Swift shared libraries as plugins

Hello, is there an accepted way of loading one Swift module from another at runtime and using the loaded module’s symbols? This will be on Linux, if it makes a difference.

I can think of using dlopen and friends in the caller and @_silgen_name in the callee but maybe there’s a more sanctioned way about it?

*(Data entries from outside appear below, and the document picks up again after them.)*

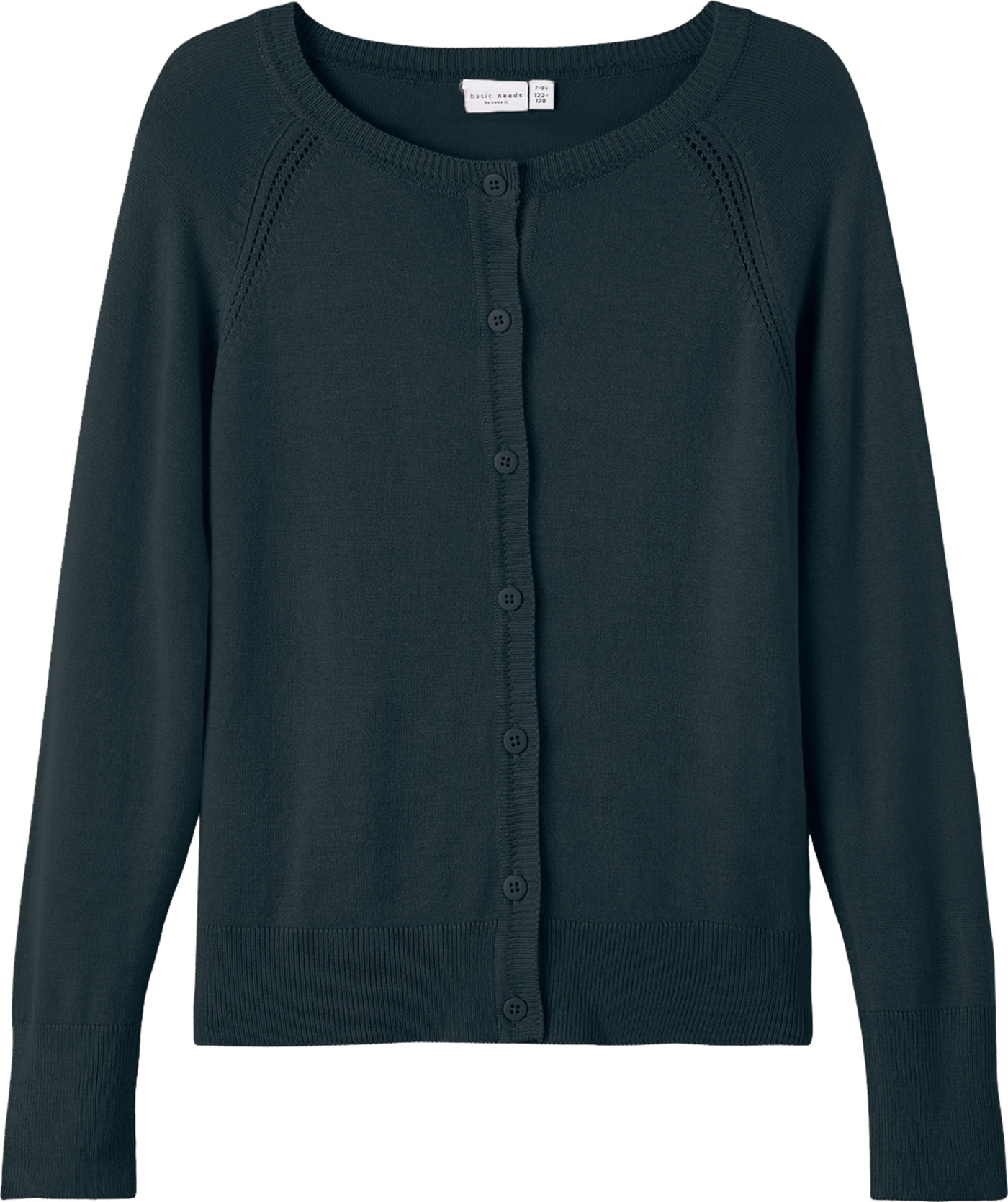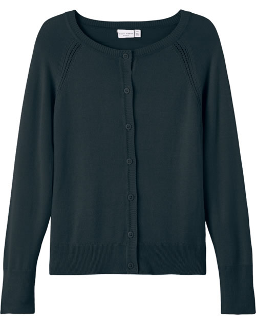 Hübsche Strickjacke für Mädchen von NAME IT. Verschlossen wird die Strickjacke mit einer Knopfleiste. Die Strickjacke hat einen klassischen Schnitt und läßt sich prima kombinieren. Das weiche leichte Material ist ideal für kühlere Tage.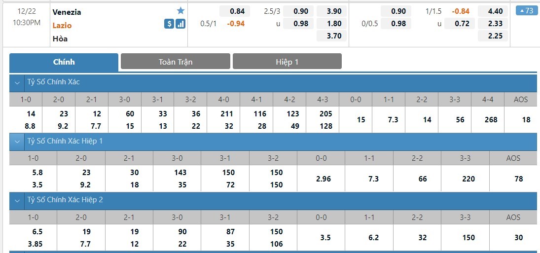 Tip kèo tỷ số hiệp 1: Venezia 0-1 Lazio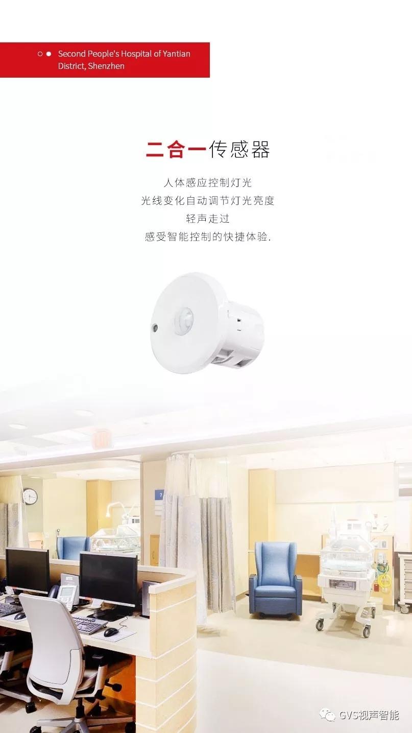 GVS視聲,一直堅(jiān)持以人的需求為核心,因此,在為醫(yī)院進(jìn)行解決方案定制的時(shí)候,也充分以人為本,將病人的感受考慮進(jìn)去。比如,為防止病患間通過觸摸開關(guān)等形式交叉感染,給醫(yī)患雙方營(yíng)造舒適的公共環(huán)境,GVS視聲給項(xiàng)目搭載二合一傳感器。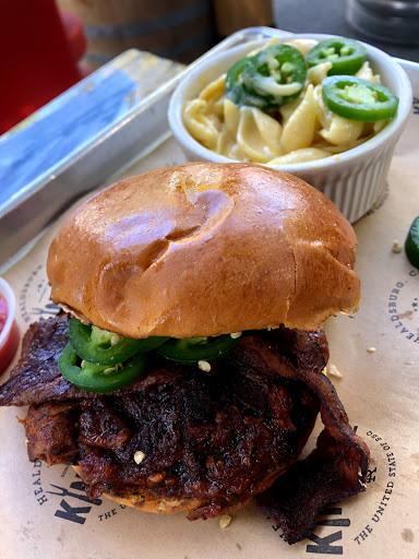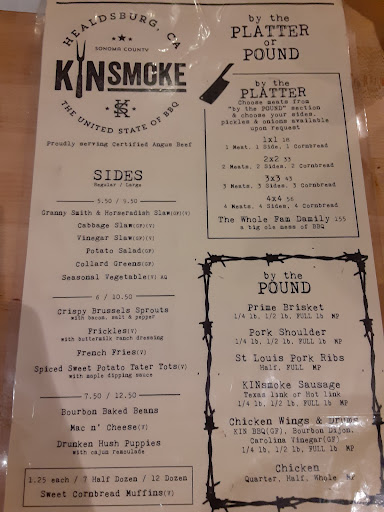 Great pork ribs, brisket and potato salad. Service was fast and friendly. Nice selection of local wines by the glass. I would recommend KINSmoke.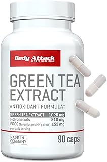 Body Attack-Green Tee Extract, hochdosierte Grün Tee Extrakt Kapseln, 1020mg Grün Tee Extrakt 510mg Polyphenols 153mg EGCG pro Tagesportion, für alle Sportler & Athleten-Made in Germany-90 Kapseln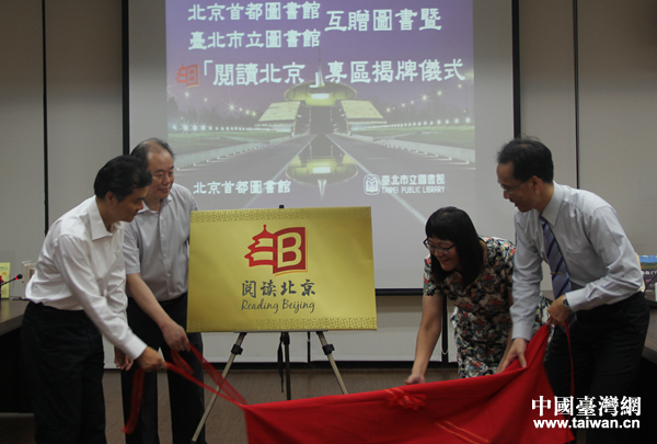 6月26日下午,北京首都圖書館與臺北市立圖書館互贈圖書暨“閱讀北京”專區(qū)揭牌儀式在臺北市立圖書館舉行。北京首都圖書館副館長肖維平、臺北市立圖書館館長洪世昌分別代表兩館互贈圖書。北京市文化局副局長呂先富、北京海峽兩岸民間交流促進會副會長黃塞溪、臺北市文化局副局長李麗珠、臺北市立圖書館館長洪世昌共同為“閱讀北京”專區(qū)揭牌。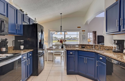 La mayoría de las habitaciones principales dan a la hermosa piscina y al lago. La gran sala tiene un techo de catedral que le da un ambiente amplio, luminoso y espacioso. Tiene tres sofás de cuero de 3 plazas suntuosos y suaves. Para su disfrute, ofrecemos un sistema de entretenimiento en el hogar, que incluye canales de TV LCD de alta definición de 52 pulgadas con sistema de cine en casa con reproductor de DVD con soporte para iPod. Las puertas correderas conducen desde la cocina abierta y el área de desayuno a la terraza de la piscina. Se instalaron encimeras de cocina de granito, tiene una amplia gama de hornos, lavaplatos y microondas. Encontrará una gran mesa con capacidad para seis y dos taburetes en la encimera, podrá mirar hacia la piscina. cubierta, lo que le permite disfrutar de las escenas frente al lago mientras come. Hay un comedor formal adicional para seis personas convenientemente situado cerca de la cocina. Con su exquisita mesa de cristal y sus ornamentados herrajes, es realmente un área elegante para entretener.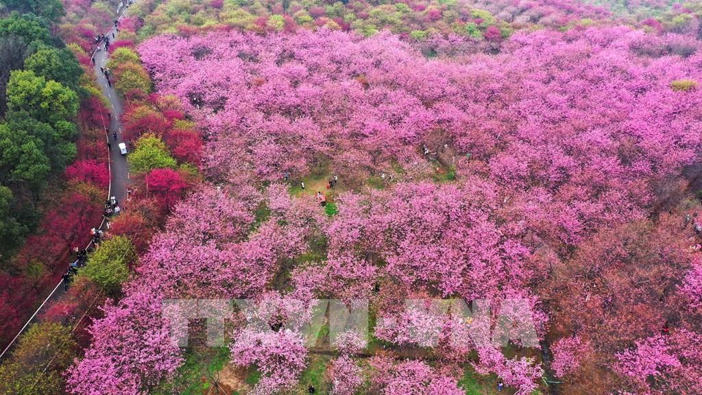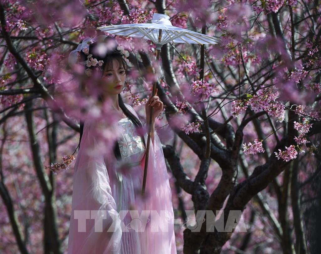 Vẻ đẹp quyến rũ của hoa anh đào tại thành phố Trường Ninh, tỉnh Hồ Nam, Trung Quốc. THX/TTXVN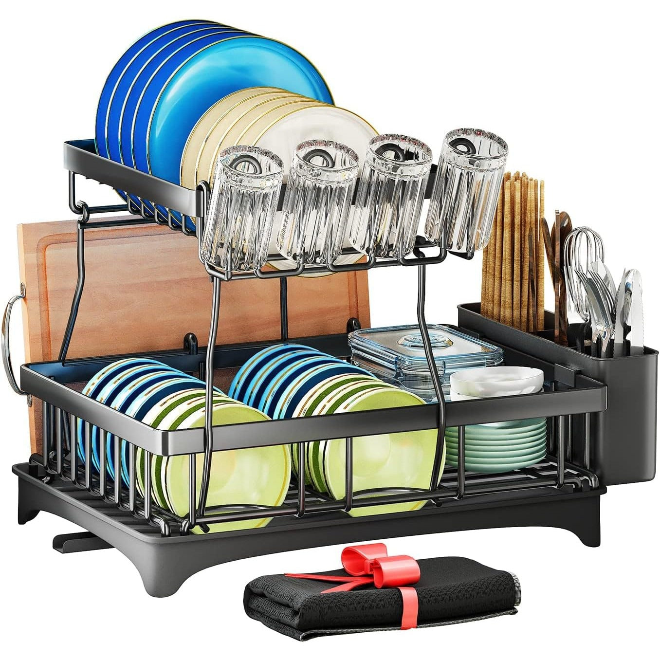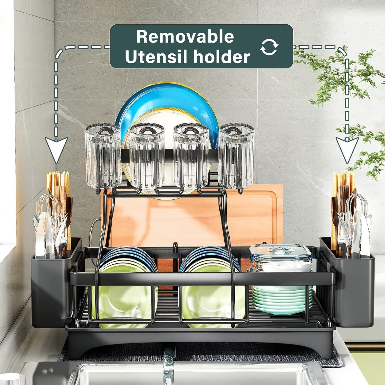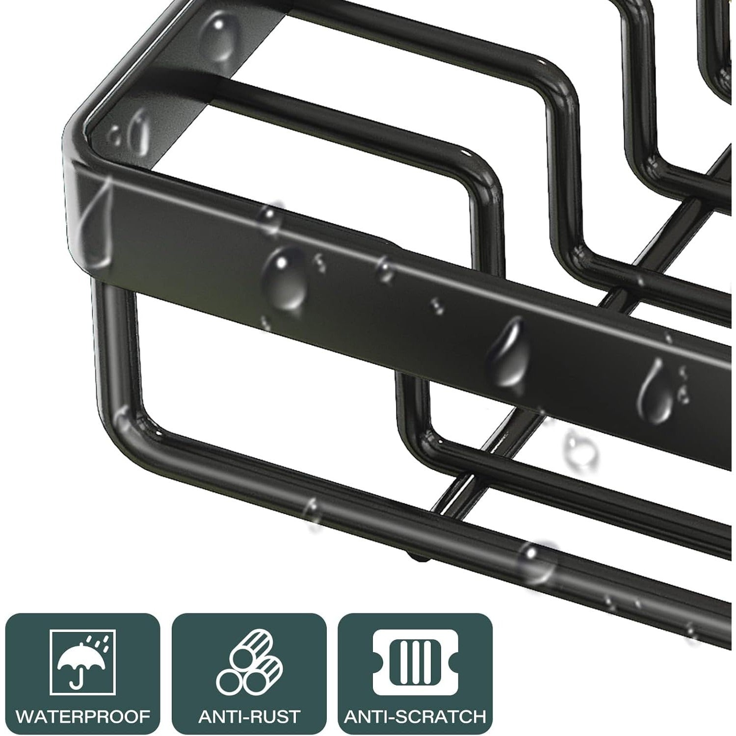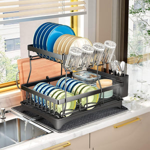 Scurgator de Vase SAYZH, 2 Nivele, 44.5 x 12.5 x 32.5 cm, Otel Carbon, Tava Scurgere Automata, Suport Tacamuri, Suport Pahare si Tocator, Negru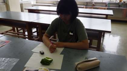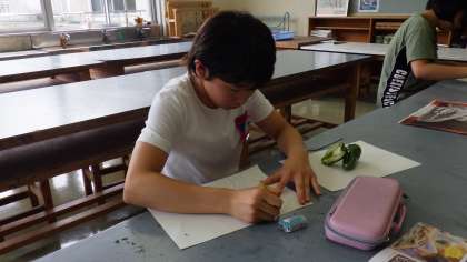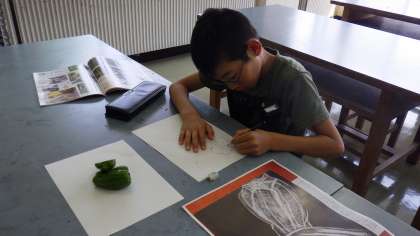 5・6年生は図画工作科で「消してかく」という題材に取り組んでいます。特殊な黒い用紙を砂消しゴムで削って白くして作品を仕上げていきます。まずは、ピーマンを写生しました。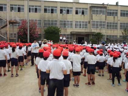 6月7日(土)は運動会。今日は,全校練習をしました。入場や退場,開会式に全校ダンスなど動きを合わせました。しっかりとした行進や大きな宣誓ができるように練習していきます。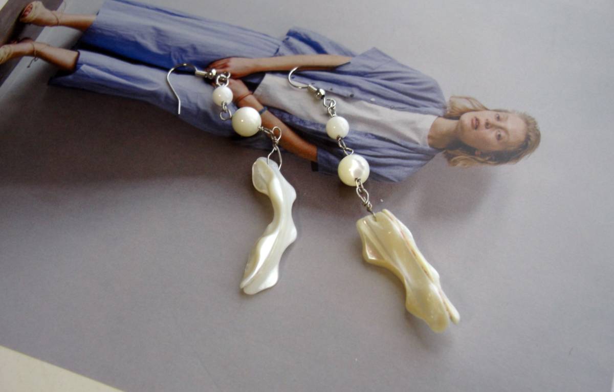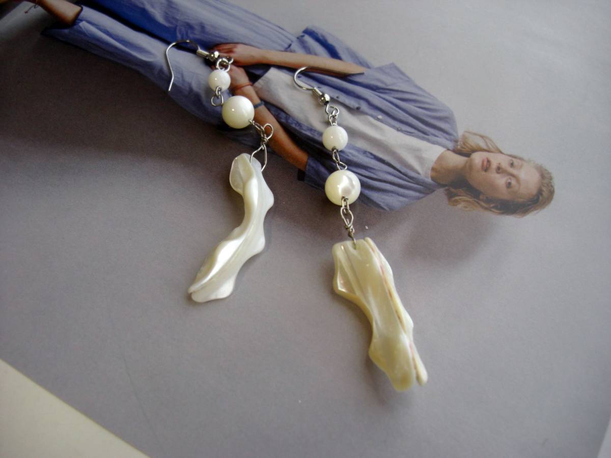 夏色・見本帖・・シリーズです♪シェルの存在感・・やさしいオフホワイトのシェルビーズのピアスです♪丸玉と不揃いのシェルを合わせて個性的な表情で す♪6ミリ、8ミリの丸玉に長さ3・6センチ位の不揃いシェルを合わせました♪長さは全長9・7センチ位です♪イヤリングに変更出来ます♪お揃いのネック レスも出品しています♪シンプルで長く着けていただけるデザインを考えて作りました♪ ハンドメイドをご理解頂いてノークレーム、ノーリターンでお願いします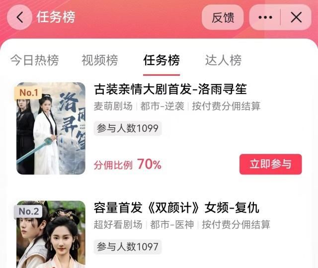 抖音的巨量星图设有短剧频道,这是平台为创作达人提供的短剧授权入口:加入“短剧发行人计划”,即可挑选分佣比例高达70%的热门短剧推广任务。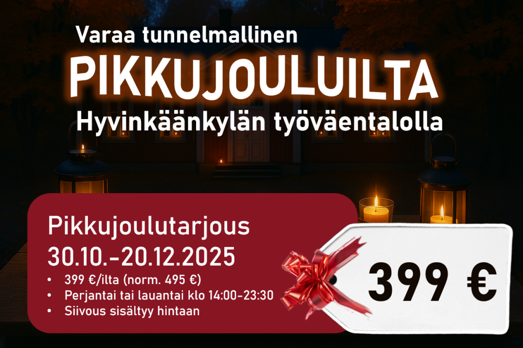 Etsitkö vielä täydellistä paikkaa pikkujouluille? Hyvinkäänkylän työväentalo kutsuu juhlimaan!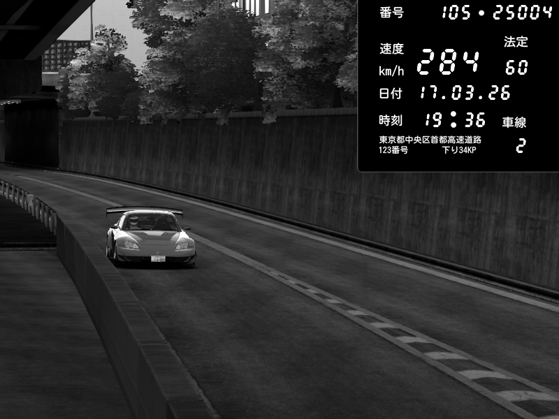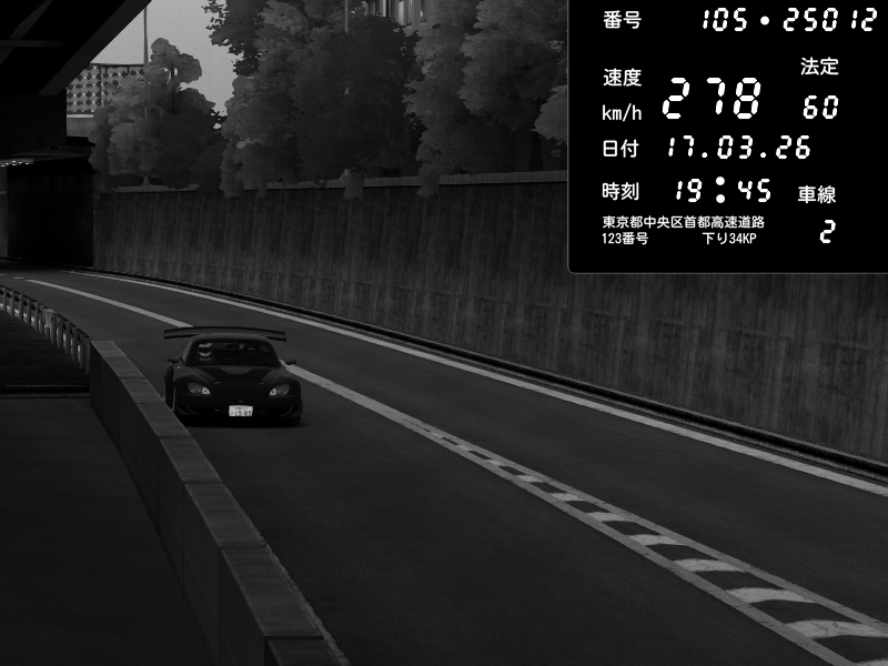 | 2026/03/17 19:45 | C1外回り 京橋 | 278 / 60 km/h | U-0 | Honda S2000 Turbo GT1 Amuse (AP1) | CAPTURE |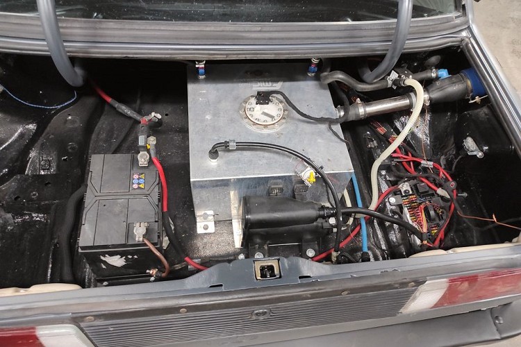 最後,為了要讓引擎能正常運作,特別在後車廂安裝訂製油箱,取代原車的供油系統,也在車身鈑件處新設計油箱蓋。這輛車目前正在德國網站www.mobile.de以49,000歐元價格出售,而在德國當地,一輛E60 M5的售價約20,000歐元到65,00歐元間,所以誰會用這價格買一輛E60 M5心臟的改裝車,心中其實充滿問號。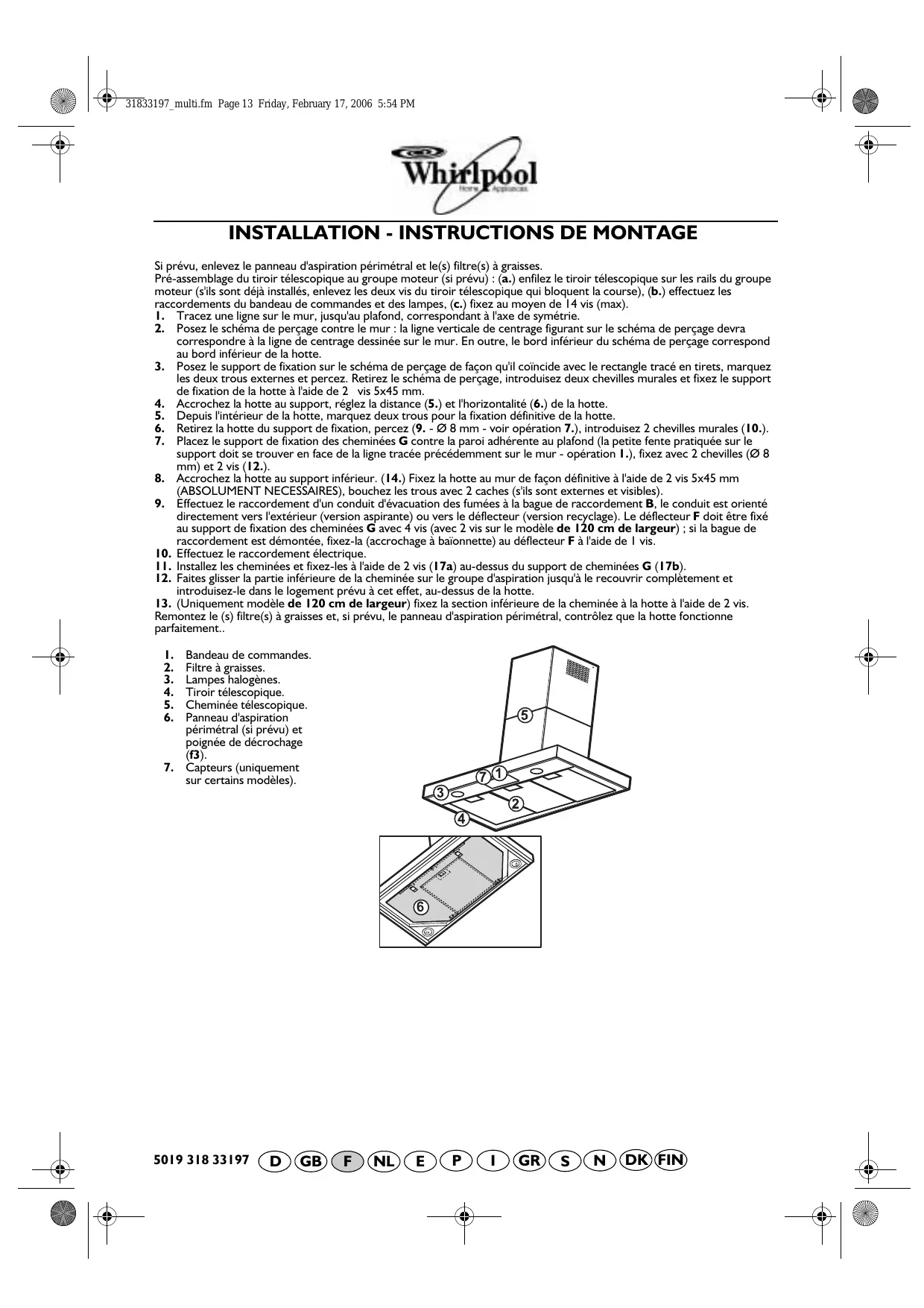 31833197_multi.fm Page 13 Friday, February 17, 2006 5:54 PM INSTALLATION - INSTRUCTIONS DE MONTAGE Si prévu, enlevez le panneau d'aspiration périmétral et le(s) filtre(s) à graisses. Pré-assemblage du tiroir télescopique au groupe moteur (si prévu) : (a.) enfilez le tiroir télescopique sur les rails du groupe moteur (s'ils sont déjà installés, enlevez les deux vis du tiroir télescopique qui bloquent la course), (b.) effectuez les raccordements du bandeau de commandes et des lampes, (c.) fixez au moyen de 14 vis (max). 1. Tracez une ligne sur le mur, jusqu'au plafond, correspondant à l'axe de symétrie. 2. Posez le schéma de perçage contre le mur : la ligne verticale de centrage figurant sur le schéma de perçage devra correspondre à la ligne de centrage dessinée sur le mur. En outre, le bord inférieur du schéma de perçage correspond au bord inférieur de la hotte. 3. Posez le support de fixation sur le schéma de perçage de façon qu'il coïncide avec le rectangle tracé en tirets, marquez les deux trous externes et percez. Retirez le schéma de perçage, introduisez deux chevilles murales et fixez le support de fixation de la hotte à l'aide de 2 vis 5x45 mm. 4. Accrochez la hotte au support, réglez la distance (5.) et l'horizontalité (6.) de la hotte. 5. Depuis l'intérieur de la hotte, marquez deux trous pour la fixation définitive de la hotte. 6. Retirez la hotte du support de fixation, percez (9. - Ø 8 mm - voir opération 7.), introduisez 2 chevilles murales (10.). 7. Placez le support de fixation des cheminées G contre la paroi adhérente au plafond (la petite fente pratiquée sur le support doit se trouver en face de la ligne tracée précédemment sur le mur - opération 1.), fixez avec 2 chevilles (Ø 8 mm) et 2 vis (12.). 8. Accrochez la hotte au support inférieur. (14.) Fixez la hotte au mur de façon définitive à l'aide de 2 vis 5x45 mm (ABSOLUMENT NECESSAIRES), bouchez les trous avec 2 caches (s'ils sont externes et visibles). 9. Effectuez le raccordement d'un conduit d'évacuation des fumées à la bague de raccordement B, le conduit est orienté directement vers l'extérieur (version aspirante) ou vers le déflecteur (version recyclage). Le déflecteur F doit être fixé au support de fixation des cheminées G avec 4 vis (avec 2 vis sur le modèle de 120 cm de largeur) ; si la bague de raccordement est démontée, fixez-la (accrochage à baïonnette) au déflecteur F à l'aide de 1 vis. 10. Effectuez le raccordement électrique. 11. Installez les cheminées et fixez-les à l'aide de 2 vis (17a) au-dessus du support de cheminées G (17b). 12. Faites glisser la partie inférieure de la cheminée sur le groupe d'aspiration jusqu'à le recouvrir complètement et introduisez-le dans le logement prévu à cet effet, au-dessus de la hotte. 13. (Uniquement modèle de 120 cm de largeur) fixez la section inférieure de la cheminée à la hotte à l'aide de 2 vis. Remontez le (s) filtre(s) à graisses et, si prévu, le panneau d'aspiration périmétral, contrôlez que la hotte fonctionne parfaitement.. 1. 2. 3. 4. 5. 6.

Sanctioned might be overstating it but you could try something more structured like SwiftPlugin/main.swift at master · johnno1962/SwiftPlugin · GitHub

import Foundation

func LoadPlugin<T>(onto: T.Type, dylib: String) -> T.Type {
    guard let handle = dlopen(dylib, RTLD_NOW) else {
        fatalError("Could not open \(dylib) \(String(cString: dlerror()))")
    }

    var info = Dl_info()
    dladdr(unsafeBitCast(onto, to: UnsafeRawPointer?.self), &info)
    guard let replacement = dlsym(handle, info.dli_sname) else {
        fatalError("Could not locate class \(String(cString: info.dli_sname))")
    }

    return unsafeBitCast(replacement, to: T.Type.self)
}

print("Hello, World!")

// Class MyPlugin from bundle is overlayed onto this class

open class MyPlugin {

    open class func getInstance() -> MyPlugin {
        fatalError("getInstanceMain")
    }

    open func incCounter() -> Int {
        fatalError("incCounterMain")
    }
}

var info = Dl_info()
dladdr(&info, &info)

let pluginPath = URL(fileURLWithPath: String(cString: info.dli_sname)).deletingLastPathComponent()
    .appendingPathComponent("MyPlugin.bundle/Contents/MacOS/MyPlugin").path

let cl = LoadPlugin(onto: MyPlugin.self, dylib: pluginPath)

let i = cl.getInstance()
print(i.incCounter())
print(i.incCounter())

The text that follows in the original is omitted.